Of particular relevance is our willingness to dispel what is a dominant traditional approach to previous studies looking to examine dry port risks. Aside from stakeholder heterogeneity and multiplicity, the reality is that risk management in dry ports can be further complexified by the peculiarities of risks. In practice, most risk dimensions are interdependent (Li et al., 2019). However, while conventional risk management still widely assumes that risks are independent, the lack of ability to capture the nature of direct and indirect relationships between risk factors and dimensions potentially limits risk management efficacy. While we acknowledge that reliability practices may already be engaging in enabling risk identification and prioritization, surfacing these risk interdependencies in a timely manner and grounded in everyday dry port practice allows for more aptness to effective strategy formulation and the development of eventual successful operations of dry ports in a manner that will aid managers in mitigating and managing relevant risks.
6. Conclusions
Our study makes a contribution to management and theory. In terms of management practice, our study offers valuable insights on risk factors and dimensions most commonly engaged in dry port projects that transcend Brazilian boundaries, particularly in the global south. Brazil's dry port challenges mirror some of those being experienced by countries such as China, South Africa and the United Arab Emirates, which have a keen interest in expanding their dry port footprint. On this basis, our findings have the potential to resonate across these countries. Insights gleaned from our study can also be leveraged to potentially offer a broad roadmap for effective risk management across the domain of multistakeholder infrastructure projects. By systematically analyzing risk factors, aggregating them into key dimensions and prioritizing them based on stakeholder perspectives, project managers working on these projects can potentially enhance decision-making processes, allocate resources more efficiently and drive more collaborative risk management efforts.

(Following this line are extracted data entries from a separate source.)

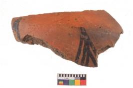 | Description / विवरण | Specimen of potsherd with black decorative geometric painting. |
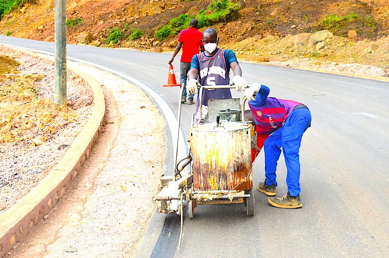 Workers during line-marking alongside Pindura-Bweyeye road/Photo by Jimmy N.The project has been mindful of its environmental impact, implementing measures to mitigate any adverse effects on the surrounding ecosystems. From minimizing disruption to wildlife habitats to incorporating eco-friendly construction practices, sustainability has been a guiding principle. Upon completion, the road will serve as a model for responsible infrastructure development.
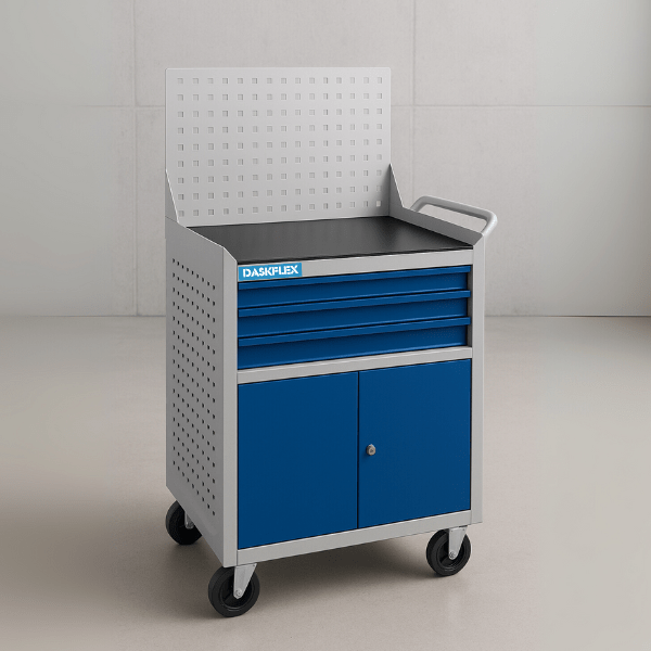 | Thông tin sản phẩm | Có khóa chung cho 3 ngăn kéo Hộc tủ dạng cánh mở, có khóa cho hộc tủ Phía trên trang bị bảng Panel treo dụng cụ kích thước 628x333mm Bề mặt có trang bị thảm xốp chống trước Tủ trang bị 4 bánh xe: 2 bánh xoay khóa, 2 bánh cố định |

Our study also makes theoretical contributions to the field of risk management, particularly in the context of dry ports. Firstly, by elucidating the interdependencies among various risk dimensions, we have contributed to an advanced understanding of the complex stakeholder dynamics inherent in multistakeholder infrastructure projects. Our study also makes a contribution to the broader literature on stakeholder literature by underscoring the importance of considering diverse stakeholder perspectives in risk prioritization and management.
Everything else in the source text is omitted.